The height of the wall from foundation to DPC (ignoring thickness of mortar) = 900mm = 0.9m
Therefore, the total area of wall = 100.256m × 0.9m = 90.2304m2
If 10 blocks is required for 1m2 of wall, therefore (10 × 90.2304) = 903 blocks is required for 90.2304m2 of wall.
The number of blocks required to raise the building from foundation to DPC = 903 blocks (disregarding wastage and damages).
PHASE 2: DPC TO LINTEL LEVEL
At this level, we will consider the effects of openings in the buildings which includes the doors, windows, and other openings as specified in the drawing.
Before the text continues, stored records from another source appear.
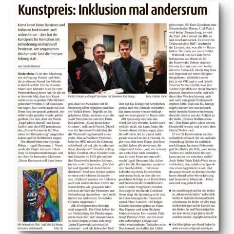 Vielen Dank an „Extra Tipp am Sonntag“ für den herzlichen Bericht! Den Artikel könnt ihr zudem unter diesem Link finden: https://www.extra-tipp-am-sonntag.de/moers-niederrhein/kunstpreis-fuer-menschen-mit-behinderung-inklusion-mal-andersherum_aid-138910673
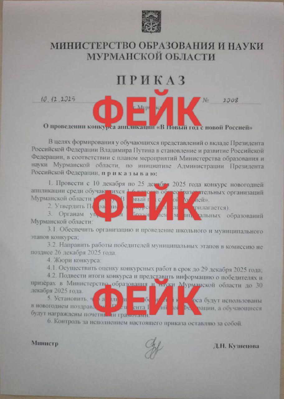 В интернете появился в обращении сфальсифицированный документ, оформленный как приказ Министерства образования и науки Мурманской области. Региональные власти оперативно отреагировали, официально опровергнув его подлинность и назвав публикацию вбросом.
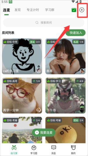 1、打开软件后先选择自习模式,可以选单人专注房或多人连麦房,建议新手从多人房开始,能听到其他同学的学习动静。

These openings are seen at the verandah areas, and some of the entrances to the rooms. The same process of calculating the total length of walls is also adopted, after which we minus the area of the openings. This process is shown below;
Total Length of walls (excluding areas with no walls like verandahs) = 87420 mm = 87.42m
Height of wall = 2100 = 2.1m
Therefore area of wall = (87.42 × 2.1) = 183.582 m2
Total area of all doors from building data = 19.74 m2
Total area of all windows from building data = 18.72 m2
Therefore the net area of walls = 183.582 m2 – 19.74 m2 – 18.72 m2 = 145.122 m2
Hence, the total number of blocks required to take the building from DPC to lintel level = 145.122 × 10 = 1451.22 = 1452 blocks (disregarding damages and wastage)
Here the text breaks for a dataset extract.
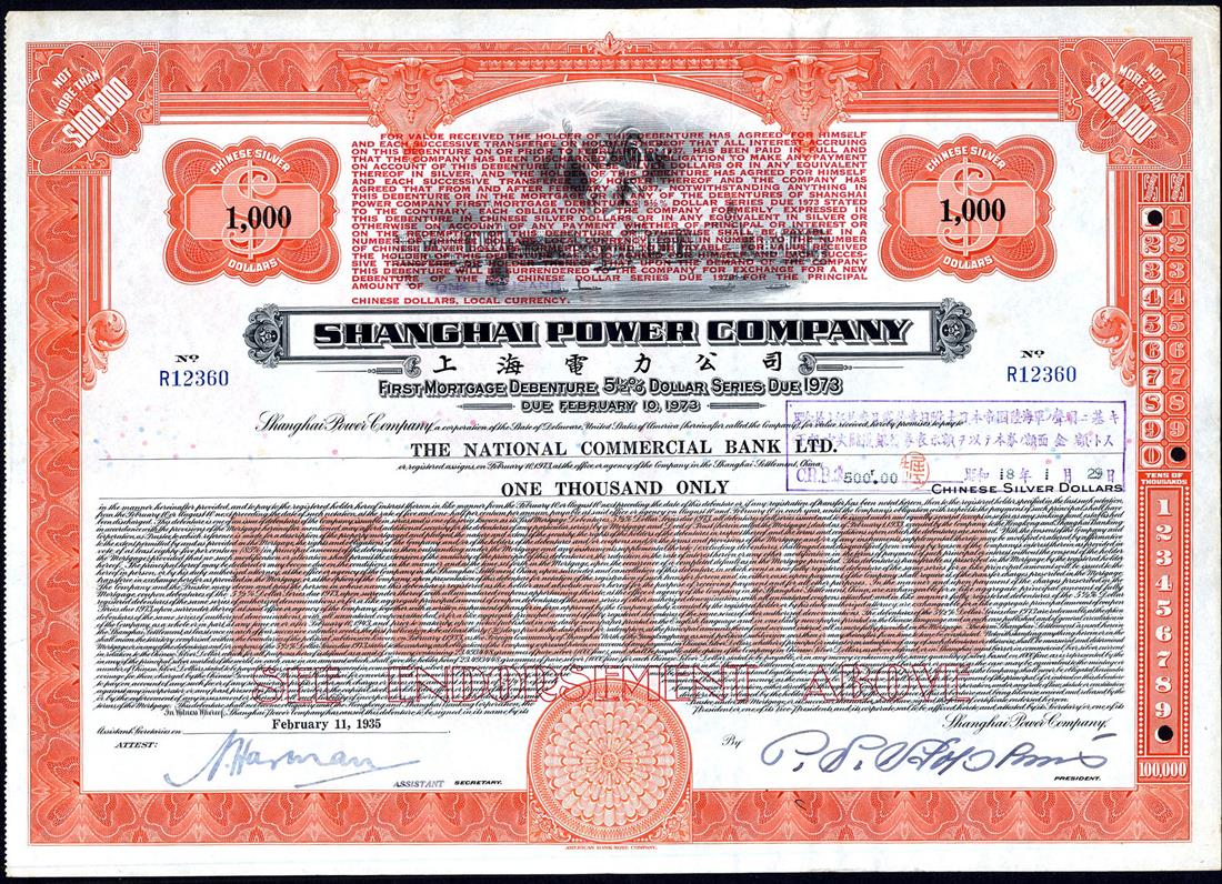 Shanghai Power Company, first mortgage 5½% debenture, printed denomination, C$1,000, [1935], no.R12360, vignette of Shanghai harbour but with red overprint across the entire view, red and black, printed by the American Bank Note Co., good very fine.

PHASE 3: LINTEL LEVEL TO OVERHEAD LEVEL
Here, we are going to assume that the building will be chained at the lintel level (this means that the entire level of the building will be casted and reinforced with steel at the lintel level. This offers the advantage of helping the building behave as a unit, and helps in reducing cracking in the building).
Obviously, the length of wall that will be employed will not consider openings, so we are going to make use of 100.256m as calculated from the foundation level.
Hence, length of wall = 100.256m
Height of wall = 675mm = 0.675m
Therefore area of wall = (100.256 × 0.675) = 67.6728 m2
Hence, the total number of blocks required to take the building from lintel level to roof level = 67.6728 × 10 = 676.728 = 677 blocks (disregarding damages and wastage).
Ultimately, the total number of blocks required to complete the construction = 903 + 1452 + 677 = 3032 blocks (disregarding wastage).
To consider wastage, you can make a 20% increase, so that the number of blocks to be moulded or bought = 1.2 × 3032 = 3638 blocks. However when you are moulding and can guarantee the quality of blocks to be moulded, 10% increase will be satisfactory for the job.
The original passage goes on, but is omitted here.